Using Slow Practice Before a Piano Recital

Posted by on Feb 14, 2018 in Events, Piano Academy, Piano Lessons | 0 comments

Using Slow Practice Before a Piano Recital

Our February recitals are coming up, so we’ve been hearing lots of practice performances around the Academy lately! Students and parents sometimes ask us, “What’s the best way to prepare for a piano recital?” Of course, there are lots of great answers, but one that sometimes gets overlooked is slow practice.

Why use this strategy?

  1. It improves accuracy, by keeping the fingers from “running away” with the music
  2. Slow practice aids memory: If you can remember every note at both slow and fast tempos, there is less chance of a memory slip!
  3. This helps you practice phrasing and dynamics – your brain can work faster than your fingers to plan a beautiful crescendo or decrescendo, execute flawless voicing and phrase-endings.
  4. To counter nerves, which will naturally make you play faster!
  5. Because it’s what Rachmaninoff would do – no, seriously!
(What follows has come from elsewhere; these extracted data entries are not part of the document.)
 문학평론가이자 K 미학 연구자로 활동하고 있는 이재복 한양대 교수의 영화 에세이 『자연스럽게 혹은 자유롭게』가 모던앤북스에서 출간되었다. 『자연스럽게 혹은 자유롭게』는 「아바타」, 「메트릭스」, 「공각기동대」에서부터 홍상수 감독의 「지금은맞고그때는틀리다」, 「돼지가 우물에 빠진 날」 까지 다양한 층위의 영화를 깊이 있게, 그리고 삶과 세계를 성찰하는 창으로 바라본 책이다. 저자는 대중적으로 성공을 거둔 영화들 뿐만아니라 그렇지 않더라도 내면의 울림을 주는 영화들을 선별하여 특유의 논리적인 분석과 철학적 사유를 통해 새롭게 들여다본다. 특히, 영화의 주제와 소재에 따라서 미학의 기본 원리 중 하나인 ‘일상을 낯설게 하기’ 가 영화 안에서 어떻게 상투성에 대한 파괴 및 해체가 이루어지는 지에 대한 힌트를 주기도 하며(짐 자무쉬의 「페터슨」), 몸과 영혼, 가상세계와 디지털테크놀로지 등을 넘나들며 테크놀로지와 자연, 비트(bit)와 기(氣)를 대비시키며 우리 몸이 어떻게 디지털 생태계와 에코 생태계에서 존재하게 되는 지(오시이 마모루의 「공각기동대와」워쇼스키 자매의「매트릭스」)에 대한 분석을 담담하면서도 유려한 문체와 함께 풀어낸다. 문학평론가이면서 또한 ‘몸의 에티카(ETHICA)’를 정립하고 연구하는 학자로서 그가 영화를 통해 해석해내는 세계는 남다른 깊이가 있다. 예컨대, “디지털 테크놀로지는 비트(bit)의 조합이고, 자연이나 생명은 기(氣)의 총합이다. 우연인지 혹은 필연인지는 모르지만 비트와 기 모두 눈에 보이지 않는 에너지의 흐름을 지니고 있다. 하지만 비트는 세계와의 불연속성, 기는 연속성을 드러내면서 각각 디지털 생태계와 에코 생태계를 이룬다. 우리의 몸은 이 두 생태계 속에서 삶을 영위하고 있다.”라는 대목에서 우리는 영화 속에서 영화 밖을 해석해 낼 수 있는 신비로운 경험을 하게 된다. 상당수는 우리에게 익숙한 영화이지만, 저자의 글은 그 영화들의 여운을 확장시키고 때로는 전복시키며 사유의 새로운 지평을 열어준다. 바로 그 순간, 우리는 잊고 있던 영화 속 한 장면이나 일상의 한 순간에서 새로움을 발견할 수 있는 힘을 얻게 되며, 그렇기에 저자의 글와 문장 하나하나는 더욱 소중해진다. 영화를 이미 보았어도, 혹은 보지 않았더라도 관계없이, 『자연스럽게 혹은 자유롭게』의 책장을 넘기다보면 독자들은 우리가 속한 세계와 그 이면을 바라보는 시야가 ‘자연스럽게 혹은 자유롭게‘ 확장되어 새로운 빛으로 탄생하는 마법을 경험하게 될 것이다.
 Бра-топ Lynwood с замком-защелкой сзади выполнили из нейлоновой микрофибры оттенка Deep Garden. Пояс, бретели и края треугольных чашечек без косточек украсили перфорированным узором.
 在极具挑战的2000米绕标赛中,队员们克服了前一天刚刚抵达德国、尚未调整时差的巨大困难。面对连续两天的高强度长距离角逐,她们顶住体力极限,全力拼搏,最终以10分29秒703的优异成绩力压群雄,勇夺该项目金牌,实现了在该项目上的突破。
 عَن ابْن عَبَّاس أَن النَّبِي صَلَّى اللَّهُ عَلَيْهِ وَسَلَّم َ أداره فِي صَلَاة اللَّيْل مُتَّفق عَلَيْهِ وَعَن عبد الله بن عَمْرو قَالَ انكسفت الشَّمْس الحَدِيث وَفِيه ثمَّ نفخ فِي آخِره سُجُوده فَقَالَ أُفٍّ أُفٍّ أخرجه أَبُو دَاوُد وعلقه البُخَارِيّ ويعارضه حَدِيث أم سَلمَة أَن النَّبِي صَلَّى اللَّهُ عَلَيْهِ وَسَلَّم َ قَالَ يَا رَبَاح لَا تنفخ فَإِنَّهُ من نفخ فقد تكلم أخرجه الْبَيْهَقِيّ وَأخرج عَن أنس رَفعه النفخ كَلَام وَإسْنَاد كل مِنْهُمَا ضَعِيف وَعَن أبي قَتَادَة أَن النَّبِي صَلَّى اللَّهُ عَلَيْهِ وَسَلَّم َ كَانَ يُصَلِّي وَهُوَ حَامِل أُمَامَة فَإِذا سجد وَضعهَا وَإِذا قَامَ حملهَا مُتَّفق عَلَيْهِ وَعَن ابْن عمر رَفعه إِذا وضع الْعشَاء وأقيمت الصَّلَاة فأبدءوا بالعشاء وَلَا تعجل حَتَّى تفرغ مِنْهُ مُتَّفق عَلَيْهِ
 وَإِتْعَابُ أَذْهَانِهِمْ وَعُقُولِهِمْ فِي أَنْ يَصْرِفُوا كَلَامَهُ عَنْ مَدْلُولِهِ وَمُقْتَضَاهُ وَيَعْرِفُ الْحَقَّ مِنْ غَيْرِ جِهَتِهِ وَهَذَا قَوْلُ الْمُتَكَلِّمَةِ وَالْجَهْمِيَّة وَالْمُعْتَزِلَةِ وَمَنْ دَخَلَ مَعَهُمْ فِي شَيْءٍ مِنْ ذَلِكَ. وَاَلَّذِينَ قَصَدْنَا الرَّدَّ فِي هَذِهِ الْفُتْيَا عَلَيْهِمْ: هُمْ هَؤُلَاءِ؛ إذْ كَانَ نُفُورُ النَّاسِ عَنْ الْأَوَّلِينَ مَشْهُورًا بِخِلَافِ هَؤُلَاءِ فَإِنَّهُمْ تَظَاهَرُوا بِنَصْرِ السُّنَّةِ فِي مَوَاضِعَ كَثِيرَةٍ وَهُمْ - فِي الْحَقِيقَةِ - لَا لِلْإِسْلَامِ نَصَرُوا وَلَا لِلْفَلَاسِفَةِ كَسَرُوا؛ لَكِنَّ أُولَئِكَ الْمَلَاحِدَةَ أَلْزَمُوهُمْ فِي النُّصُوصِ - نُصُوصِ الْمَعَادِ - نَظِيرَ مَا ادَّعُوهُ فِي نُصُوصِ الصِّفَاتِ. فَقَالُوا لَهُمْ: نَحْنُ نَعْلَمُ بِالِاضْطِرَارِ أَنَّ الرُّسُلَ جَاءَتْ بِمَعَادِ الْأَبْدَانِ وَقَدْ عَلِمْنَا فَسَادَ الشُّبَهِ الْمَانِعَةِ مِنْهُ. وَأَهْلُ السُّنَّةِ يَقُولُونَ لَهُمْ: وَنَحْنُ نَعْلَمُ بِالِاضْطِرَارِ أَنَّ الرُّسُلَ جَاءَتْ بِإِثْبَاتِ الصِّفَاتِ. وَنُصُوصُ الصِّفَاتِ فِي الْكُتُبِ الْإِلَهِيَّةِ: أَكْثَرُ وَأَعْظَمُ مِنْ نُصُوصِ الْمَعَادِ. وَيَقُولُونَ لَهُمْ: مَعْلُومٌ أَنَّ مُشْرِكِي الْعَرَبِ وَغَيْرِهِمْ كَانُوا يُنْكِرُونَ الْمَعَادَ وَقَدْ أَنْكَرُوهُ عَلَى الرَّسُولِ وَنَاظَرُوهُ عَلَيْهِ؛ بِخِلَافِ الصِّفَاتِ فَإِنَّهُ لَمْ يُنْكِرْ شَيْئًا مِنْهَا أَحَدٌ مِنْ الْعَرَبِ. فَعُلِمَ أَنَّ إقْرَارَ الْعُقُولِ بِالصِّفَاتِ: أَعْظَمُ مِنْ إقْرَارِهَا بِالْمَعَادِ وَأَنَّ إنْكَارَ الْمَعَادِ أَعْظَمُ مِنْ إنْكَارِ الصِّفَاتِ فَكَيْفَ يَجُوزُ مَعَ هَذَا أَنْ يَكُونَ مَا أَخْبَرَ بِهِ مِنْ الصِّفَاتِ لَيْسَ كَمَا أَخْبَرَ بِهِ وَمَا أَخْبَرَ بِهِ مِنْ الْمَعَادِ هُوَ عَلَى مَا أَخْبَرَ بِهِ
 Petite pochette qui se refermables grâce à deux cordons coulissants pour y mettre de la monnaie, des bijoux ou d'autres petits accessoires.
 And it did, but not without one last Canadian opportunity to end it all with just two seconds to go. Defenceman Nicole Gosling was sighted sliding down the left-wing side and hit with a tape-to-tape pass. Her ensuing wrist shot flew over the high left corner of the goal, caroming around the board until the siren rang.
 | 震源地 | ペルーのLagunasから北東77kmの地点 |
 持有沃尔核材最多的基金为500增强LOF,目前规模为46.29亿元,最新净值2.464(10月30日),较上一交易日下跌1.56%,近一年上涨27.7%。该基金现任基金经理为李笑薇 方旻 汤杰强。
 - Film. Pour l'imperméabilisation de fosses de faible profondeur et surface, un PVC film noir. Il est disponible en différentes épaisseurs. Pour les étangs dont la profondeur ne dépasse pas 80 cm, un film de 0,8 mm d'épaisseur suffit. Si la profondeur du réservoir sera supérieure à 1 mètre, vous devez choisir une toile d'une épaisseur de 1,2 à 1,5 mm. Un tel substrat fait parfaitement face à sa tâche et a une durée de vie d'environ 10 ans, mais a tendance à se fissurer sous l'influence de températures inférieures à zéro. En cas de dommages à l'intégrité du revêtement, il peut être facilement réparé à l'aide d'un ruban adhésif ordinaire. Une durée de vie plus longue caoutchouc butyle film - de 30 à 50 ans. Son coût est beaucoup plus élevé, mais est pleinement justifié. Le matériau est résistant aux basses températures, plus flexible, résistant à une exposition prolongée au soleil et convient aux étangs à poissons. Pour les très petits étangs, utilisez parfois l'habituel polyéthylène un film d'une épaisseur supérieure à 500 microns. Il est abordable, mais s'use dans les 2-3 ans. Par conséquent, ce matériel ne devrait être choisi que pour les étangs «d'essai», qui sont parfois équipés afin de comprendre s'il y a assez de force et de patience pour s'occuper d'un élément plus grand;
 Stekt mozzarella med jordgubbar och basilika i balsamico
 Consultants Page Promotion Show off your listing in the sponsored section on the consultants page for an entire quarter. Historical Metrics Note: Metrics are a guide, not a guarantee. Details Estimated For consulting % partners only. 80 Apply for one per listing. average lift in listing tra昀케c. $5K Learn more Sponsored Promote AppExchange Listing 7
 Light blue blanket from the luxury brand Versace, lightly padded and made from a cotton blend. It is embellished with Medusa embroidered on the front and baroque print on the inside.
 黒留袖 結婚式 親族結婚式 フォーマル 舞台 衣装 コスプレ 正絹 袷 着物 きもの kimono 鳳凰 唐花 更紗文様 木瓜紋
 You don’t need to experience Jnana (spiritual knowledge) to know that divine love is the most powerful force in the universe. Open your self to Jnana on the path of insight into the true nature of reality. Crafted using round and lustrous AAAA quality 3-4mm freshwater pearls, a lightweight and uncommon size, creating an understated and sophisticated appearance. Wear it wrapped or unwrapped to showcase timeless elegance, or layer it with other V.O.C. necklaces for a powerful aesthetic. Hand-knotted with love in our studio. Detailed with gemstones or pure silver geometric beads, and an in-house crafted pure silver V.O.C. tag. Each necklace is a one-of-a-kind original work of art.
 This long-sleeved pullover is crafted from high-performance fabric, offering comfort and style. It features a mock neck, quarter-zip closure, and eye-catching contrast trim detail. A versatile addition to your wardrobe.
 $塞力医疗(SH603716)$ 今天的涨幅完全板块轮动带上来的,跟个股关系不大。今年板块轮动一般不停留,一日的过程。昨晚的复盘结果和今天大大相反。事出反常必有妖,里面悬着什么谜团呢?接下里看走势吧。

Check out this quote from a pianist who studied with Rachmaninoff himself:

Rachmaninov was a dedicated and driven perfectionist. He worked incessantly, with infinite patience. Once I had an appointment to spend an afternoon with him in Hollywood. Arriving at the designated hour of twelve, I heard an occasional piano sound as I approached the cottage. I stood outside the door, unable to believe my ears. Rachmaninov was practising Chopin’s etude in thirds, but at such a snail’s pace that it took me a while to recognise it be- cause so much time elapsed between one finger stroke and the next. Fascinated, I clocked this re- markable exhibition: twenty seconds per bar was his pace for almost an hour while I waited riveted to the spot, quite unable to ring the bell. Perhaps this way of developing and maintaining an unerring mechanism accounted for his bitter sarcasm toward colleagues who practised their programmes ‘once over lightly’ between concerts. (Chasins, Abram. 1967. Speaking of Pianists. New York: Knopf, 44.)

Try playing your recital piece alternately at a slow/medium tempo, then at performance tempo. Doing this with and without music will help reinforce your memory and improve your confidence during the performance, especially for fast songs.

Be sure to perform for friends and family a few times before Saturday, and most importantly: have fun!